_Collected material_
-- -- --

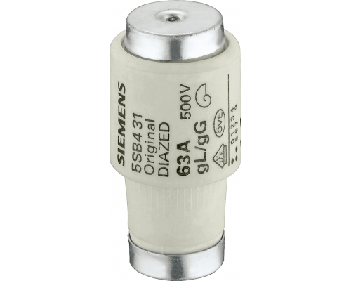 Siemens 5SB4311 Предохранитель diazed тип DI, номинальный ток 63 А, номинальное напряжение 500 В AC / 440 В DC, класс GG
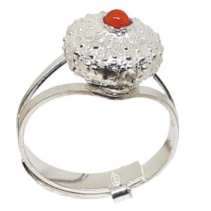 Anello in Corallo Rosso con Pallino centrale del diametro di 3mm. Montatura in Argento e misura Regolabile. Disegno a Forma di Riccio di Mare, un ricordo del mare da tenere con se' durante tutto l'anno.
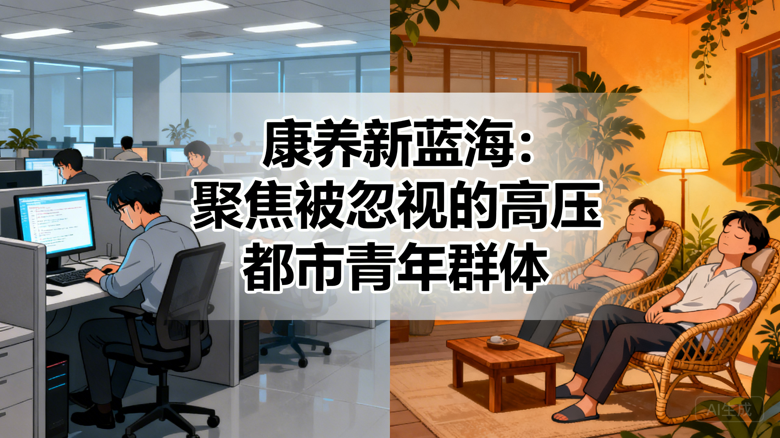 我们的行业,在谈及“康养”时,目光总是习惯性地投向银发一族。这当然是一个重要且广阔的市场,我们在前文中也已深度探讨。但今天,我想请各位同仁,将视线从“桑榆晚景”暂时移开,望向那些正值“青壮年华”,却已然身心俱疲的庞大群体——我们的企业家、互联网“大厂”的程序员、广告公司的创意人、以及每一个在KPI与DDL的夹缝中,奋力前行的都市白领。

-- -- --

_What to do_
Give back the whole listing exactly as it stands. Drop every picture.

_Solved problem_
 Siemens 5SB4311 Предохранитель diazed тип DI, номинальный ток 63 А, номинальное напряжение 500 В AC / 440 В DC, класс GG
 Anello in Corallo Rosso con Pallino centrale del diametro di 3mm. Montatura in Argento e misura Regolabile. Disegno a Forma di Riccio di Mare, un ricordo del mare da tenere con se' durante tutto l'anno.
 我们的行业,在谈及“康养”时,目光总是习惯性地投向银发一族。这当然是一个重要且广阔的市场,我们在前文中也已深度探讨。但今天,我想请各位同仁,将视线从“桑榆晚景”暂时移开,望向那些正值“青壮年华”,却已然身心俱疲的庞大群体——我们的企业家、互联网“大厂”的程序员、广告公司的创意人、以及每一个在KPI与DDL的夹缝中,奋力前行的都市白领。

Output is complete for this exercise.